Would you please output, word for word, the span of the listing below that opens on the line containing "4、打开SQL Server 2005中的配置工具SQL" and closes on the line containing "Vintage Keith Hoffman"? Include both ends and nothing more.

┌─ DATA TO USE

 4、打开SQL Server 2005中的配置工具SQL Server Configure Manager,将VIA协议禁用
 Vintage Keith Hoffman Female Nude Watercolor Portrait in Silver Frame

└─
┌─ DATA TO USE

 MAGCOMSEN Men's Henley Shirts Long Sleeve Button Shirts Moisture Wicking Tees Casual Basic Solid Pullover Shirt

└─

→ **SOLUTION FOR THIS TASK**
 4、打开SQL Server 2005中的配置工具SQL Server Configure Manager,将VIA协议禁用
 Vintage Keith Hoffman Female Nude Watercolor Portrait in Silver Frame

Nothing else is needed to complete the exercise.